I stated in the post that the email came from a friend. 
The guy holding the fish, his name is Jamie. The guy behind the camera, his name is Dave.The only two lakes these guys fish are either Cowen or CC. 
Rest assured OlBassman, this pic was taken at CC no matter how the color of the water turned out.
The fish was caught about 2 weeks ago.
Believe it or not, makes no difference to me........


----------



## Mason52 (Aug 21, 2009)

Water color could be from the boat being so blue who knows..Nice fish either way


----------



## 2THY1 (Aug 30, 2006)

Congrats on a real nice fish and hats of to the two guys for releasing this beast.
I know most of the guys from SOMA56 and they do thier best on getting the word out on CPR, I hope it catches on.


----------



## Ol'Bassman (Sep 9, 2008)

co-angler said:


> I stated in the post that the email came from a friend.
> The guy holding the fish, his name is Jamie. The guy behind the camera, his name is Dave.The only two lakes these guys fish are either Cowen or CC.
> Rest assured OlBassman, this pic was taken at CC no matter how the color of the water turned out.
> The fish was caught about 2 weeks ago.
> Believe it or not, makes no difference to me........

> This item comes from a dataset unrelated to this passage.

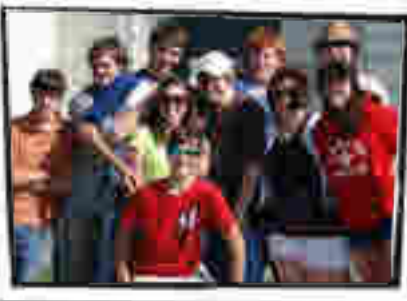
AMAZING TRIPS EVERY YEAR! LAST YEAR WAS DCLA! This year I hear we are heading to, Mo Ranch, Los Angeles, and Guatemala!

Not long ago, someone posted a photo of a 50 + musky that he said was caught at CC only to find out later it was caught somewhere else. So when someone posts a photo of 51" fish from CC (the largest musky caught at the lake that I am aware of), I tend to scrutinize the photos for irregularities before accepting what is reported as fact. The color of the water is easily attributed to the camera so don't let my observation take anything way from that being a trophy catch.


----------



## st.slippy (Oct 3, 2008)

I have to say that is one of the most stout musky's I have seen. That is one great catch. I think pro angler would make a great guide.


----------



## BIGTCAT'N (Apr 12, 2006)

51"er is a nice fish no matter where it was was caught.


----------



## SConner (Mar 3, 2007)

Congratulations again on a beautiful musky. Thread is being closed because it could not seem to stay on topic.


----------